Unraveling the mechanism of action of a new type III secretion system effector AexU from Aeromonas hydrophila

Johanna C. Sierra, Giovanni Suarez, Jian Sha, Wallace B. Baze, Sheri M. Foltz, Ashok K. Chopra

Research output: Contribution to journalArticle

23 Scopus citations

Abstract

We recently characterized a T3SS effector, AexU, from a diarrheal isolate SSU of Aeromonas hydrophila, which exhibited ADP-ribosyltransferase (ADPRT) activity. Here we provided evidence that AexU also possessed GTPase-activating protein (GAP) activity, which was mainly responsible for host cell apoptosis and disruption of actin filaments.

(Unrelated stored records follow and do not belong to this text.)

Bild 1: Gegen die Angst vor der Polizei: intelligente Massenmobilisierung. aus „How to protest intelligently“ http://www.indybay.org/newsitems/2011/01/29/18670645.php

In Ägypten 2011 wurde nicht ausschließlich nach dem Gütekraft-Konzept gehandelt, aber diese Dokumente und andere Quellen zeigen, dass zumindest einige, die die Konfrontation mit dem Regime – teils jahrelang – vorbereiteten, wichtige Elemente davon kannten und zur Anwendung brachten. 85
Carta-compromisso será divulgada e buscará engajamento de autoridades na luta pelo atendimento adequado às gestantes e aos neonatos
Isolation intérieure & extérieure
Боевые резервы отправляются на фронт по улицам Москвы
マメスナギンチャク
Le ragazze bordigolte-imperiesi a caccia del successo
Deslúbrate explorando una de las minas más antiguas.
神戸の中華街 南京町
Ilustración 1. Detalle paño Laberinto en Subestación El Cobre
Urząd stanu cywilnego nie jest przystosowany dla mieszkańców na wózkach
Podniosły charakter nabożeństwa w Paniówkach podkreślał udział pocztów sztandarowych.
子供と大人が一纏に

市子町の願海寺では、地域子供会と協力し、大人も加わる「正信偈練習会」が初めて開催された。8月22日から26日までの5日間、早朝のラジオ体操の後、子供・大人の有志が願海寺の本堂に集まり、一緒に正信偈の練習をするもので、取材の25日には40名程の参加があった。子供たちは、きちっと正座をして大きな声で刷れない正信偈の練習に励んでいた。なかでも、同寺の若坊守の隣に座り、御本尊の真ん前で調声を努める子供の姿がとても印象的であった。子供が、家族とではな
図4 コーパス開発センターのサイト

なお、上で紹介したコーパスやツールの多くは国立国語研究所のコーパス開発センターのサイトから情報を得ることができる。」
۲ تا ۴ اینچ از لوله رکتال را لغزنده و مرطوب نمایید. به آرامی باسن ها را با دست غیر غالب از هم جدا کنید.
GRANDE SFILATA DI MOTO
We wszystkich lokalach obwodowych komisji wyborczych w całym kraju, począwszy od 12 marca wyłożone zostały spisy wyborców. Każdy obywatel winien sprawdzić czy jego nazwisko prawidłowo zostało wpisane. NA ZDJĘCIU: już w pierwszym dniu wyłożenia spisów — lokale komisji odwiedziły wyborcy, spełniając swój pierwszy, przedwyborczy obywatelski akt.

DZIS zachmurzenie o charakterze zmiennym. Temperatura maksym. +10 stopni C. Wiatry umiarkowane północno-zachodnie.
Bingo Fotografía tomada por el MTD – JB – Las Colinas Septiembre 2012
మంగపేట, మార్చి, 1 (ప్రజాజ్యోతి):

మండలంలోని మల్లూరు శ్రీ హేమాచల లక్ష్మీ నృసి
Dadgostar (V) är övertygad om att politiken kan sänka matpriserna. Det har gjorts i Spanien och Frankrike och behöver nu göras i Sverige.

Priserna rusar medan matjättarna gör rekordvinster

Earlier, we showed that the Δ aexU null mutant was attenuated in a mouse model, and we now demonstrated that while the parental A. hydrophila strain could be detected in the lung, liver, and spleen of infected mice, the Δ aexU mutant was rapidly cleared from these organs resulting in increased survivability of animals. Further, AexU prevented phosphorylation of c-Jun, JNK and IκBα and inhibited IL-6 and IL-8 secretion from HeLa cells. Our data indicated that AexU operated by inhibiting NF-κB and inactivating Rho GTPases. Importantly, however, when the Δ aexU null mutant was complemented with the mutated aexU gene devoid of ADPRT and GAP activities, a higher mortality rate in mice with concomitant increase in the production of pro-inflammatory cytokines/chemokines was noted. These data indicated that either such a mutated AexU is a potent inducer of them or that AexU possesses yet another unknown activity that is modulated by ADPRT and GAP activities and results in this aberrant cytokine/chemokine production responsible for increased animal death.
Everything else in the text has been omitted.